Last year was “a very good year” for Hamburg Commercial Bank (HCOB), according to global head of shipping Jan-Philipp Rohr.

The bank — formerly HSH Nordbank — generted about €1.2bn ($1.33bn) in fresh ship finance business in its first year since its privatisation in November 2018.

It has done so by turning its sights on secondhand tonnage, and the refinancing of existing loans from banks that have exited shipping. The core of that activity comprises ships of eight to 15 years old, and a smaller portfolio of vintage vessels.

This focus on older ships is one of the reasons HCOB has not yet signed up to the Poseidon Principles.

Rohr explained that he is not resistant to environmental progress and believes the banks have their part to play, adding that sustainability is an issue for the board at HCOB.

But he is concerned adhering to the green banking code might oblige a bank to invest in newbuildings as a mechanism for reducing emissions.

That, he fears, could destroy a delicate balance in the ship market, and would ignore the potential for improving the carbon footprint of older ships.

“For HCOB, the focus is on the existing market,” he said. “We have to take into consideration that the existing vessels will remain in the market, so to flood the market with newbuildings will destroy the market.

“That’s why we are reluctant to invest heavily in newbuildings.”

Another €1bn

And HCOB — which was taken over by a consortium led by Cerberus Capital Management and JC Flowers in 2018 — is not anticipating any fall-off in demand for the financing.

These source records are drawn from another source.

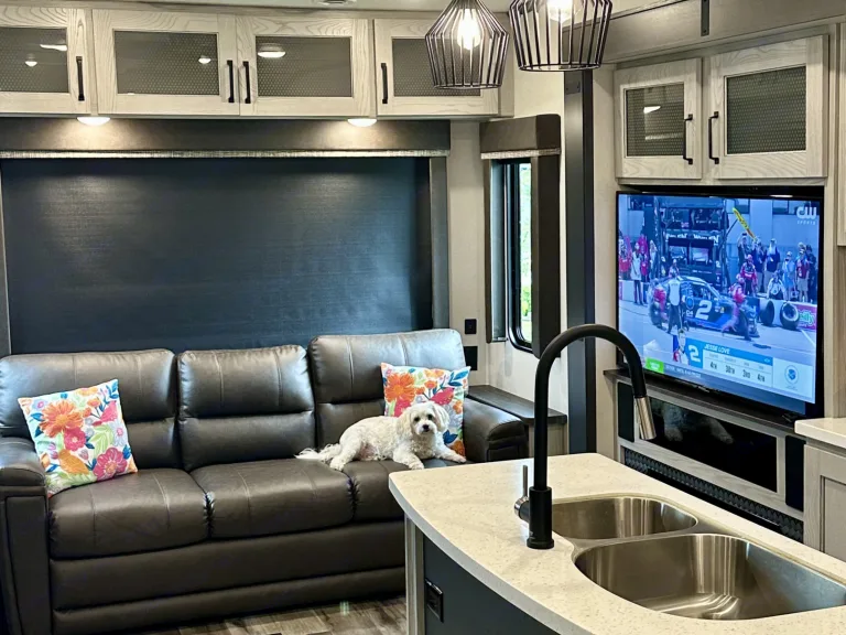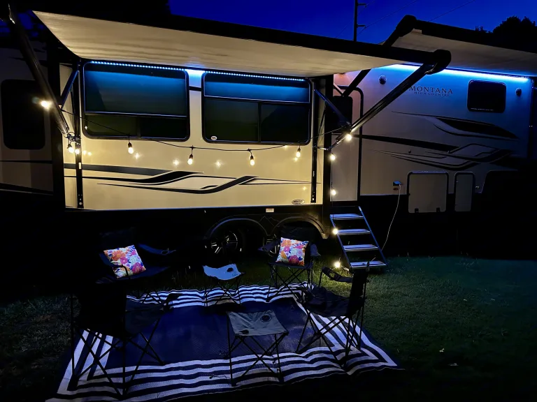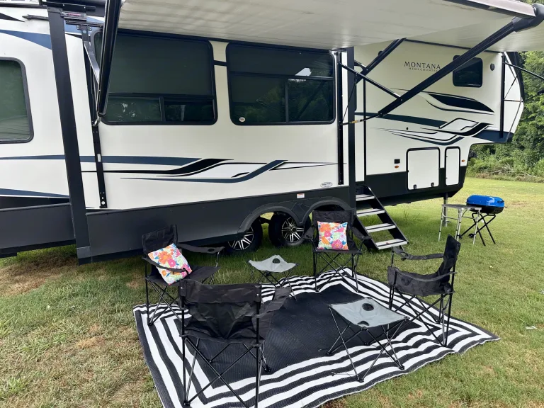 For outside entertainment, we supply four folding chairs with two folding tables, area, rug, charcoal grill with accessories, folding table for cooking, Edison style string, lights, and 4 inner tubes.This RV is delivery only. We will deliver, set up, and pick up to your destination. The first 50 miles is $150 and each additional mile is $3.50 per mile. The cleaning fee is $75. We are pet friendly with a pet fee of $50. Small dogs only.When scheduling your campsite, remember that this rig has three slide outs, is 34 foot long, and needs 50amp power supply. RecommendationsPigeon Forge/ Gatlinburg are always camping hot spots, but there are countless RV locations in our area such as Anchor Down campground in Dandridge, TN, which has a deluxe setup.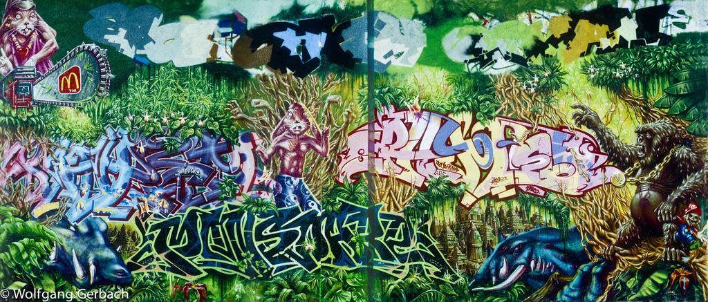 Die Anfänge der Graffiti-Zeit gingen einher mit großem handwerklichen Aufwand beim Fotografieren, vielen Litern verbrauchter Chemie und Stappeln von teuerem Fotopapier.... und Staub und Fussel, immer und überall.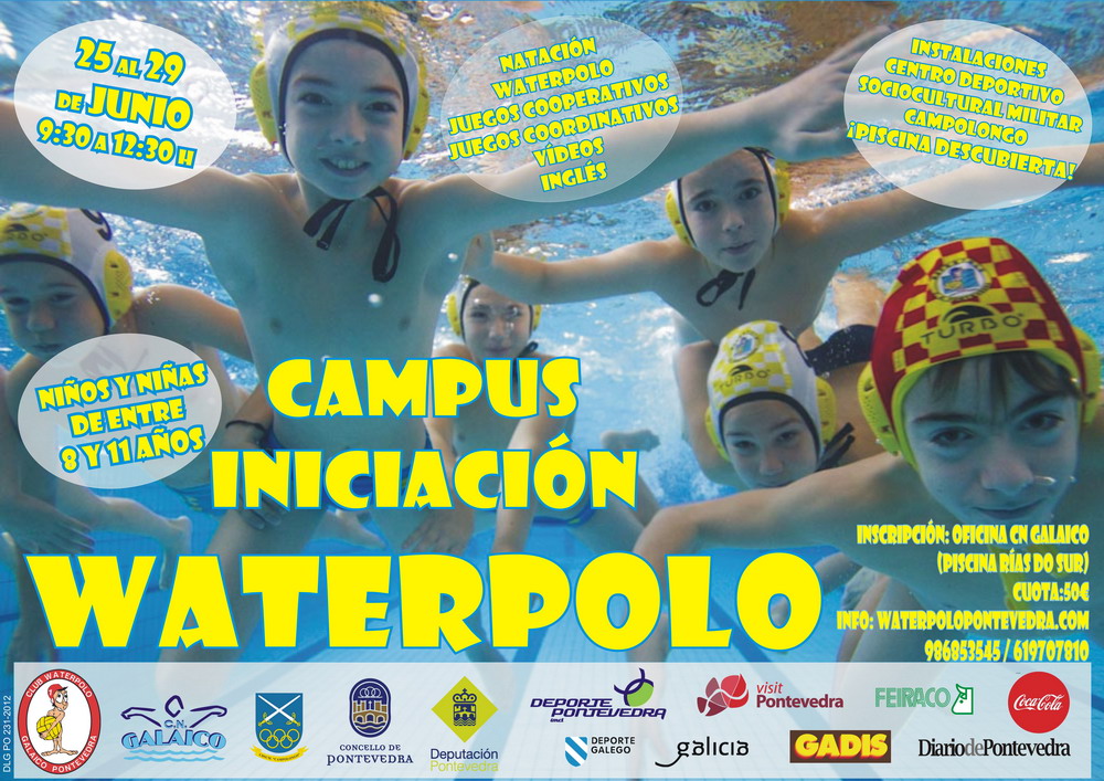 El Club Waterpolo Galaico Pontevedra organizará un año más el CAMPUS DE INICIACIÓN AL WATERPOLO del 25 al 29 de junio de 2012, con horario de 9:30 a 12:30 h.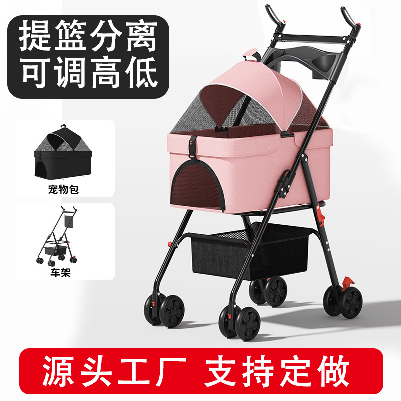 Kereta bayi kucing peliharaan terpisah, mobil hewan peliharaan satu klik lipat dapat dilepas dan dapat dicuci, anjing kecil besar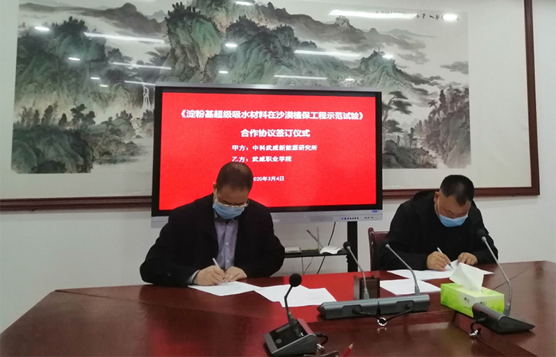 武威職業(yè)學(xué)院與中科武威新能源研究所舉行《淀粉基超級吸水材料在沙漠植保工程示范試驗》科研項目合作協(xié)議簽訂會議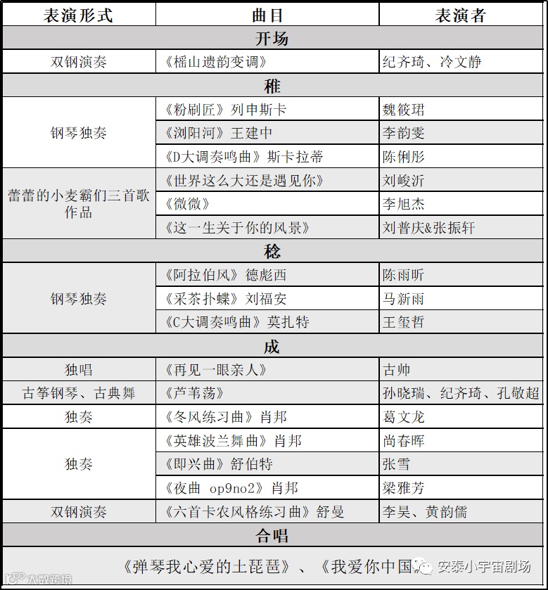 该场音乐会分为“稚”、“稔”、“成”三部分,用曲目的难度表述了音乐人的成长。音乐会的初衷就是从每次的观演中寻找属于自己的精彩和感动,无论你是大人还是琴童,学琴之路折射出人的一生,不仅是掌握技能,更好的去陶冶人的心境。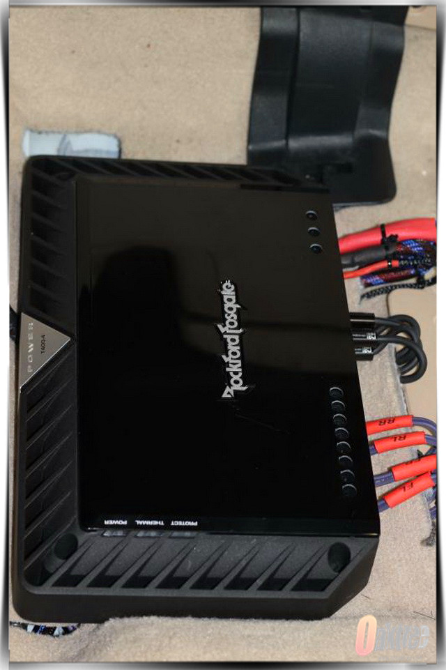 为了解决原车主机解析力不高,造成的音频信号不佳的问题,深圳祺丰汽车音响店的改装技师,为汽车主机添加了一台爱威DSP6-8音频处理器,而为了保证声场喇叭的功率输出稳定,改装技师则为汽车添加了一台美国来福T400X4功放。
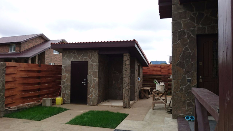 Построили небольшой хоз.домик. Ждем когда привезут ворота и калитку.

The withdrawal from ship finance of German banks such as Commerzbank, DVB and Nord/LB has opened gaps in the market that it is keen to fill.

In 2020, it is planning to do another €1bn in new business to maintain its shipping book at €5.4bn.

The lion's share of that figure is split between container, dry and tanker segments, with the remainder in specialist sectors, such as car carriers and LPG vessels.

Much of its new business comes from foreign markets, such as Greece, where there is significant sale-and-purchase activity, the US, Europe and Asia.

In addition, its vintage financing business has been fuelled by the demands of some banks that shipping loans should be fully paid off by the time a vessel turns 15 years of age.

But Rohr makes clear that the finance is not intended to help the ship be demolished.

“We don’t want to bring the vessel to the beach,” he said. “The clear plan is the loan has to be repaid during the lifetime of the loan, not through selling the vessel at the end.”

Returning to the Poseidon Principles, Rohr argued the current code is too focused on big-name banks — such as current signatories Citigroup and Societe Generale — that have “the power to go for bigger tickets and bigger volumes”.

And he questioned whether or not a shipowner's ecological footprint would be reduced by ordering a newbuilding, while scrapping a 10-year-old vessel.

Rohr said the industry must find ways to improve their green credentials of existing vessels, or, he warned, "we might destroy our own market again”.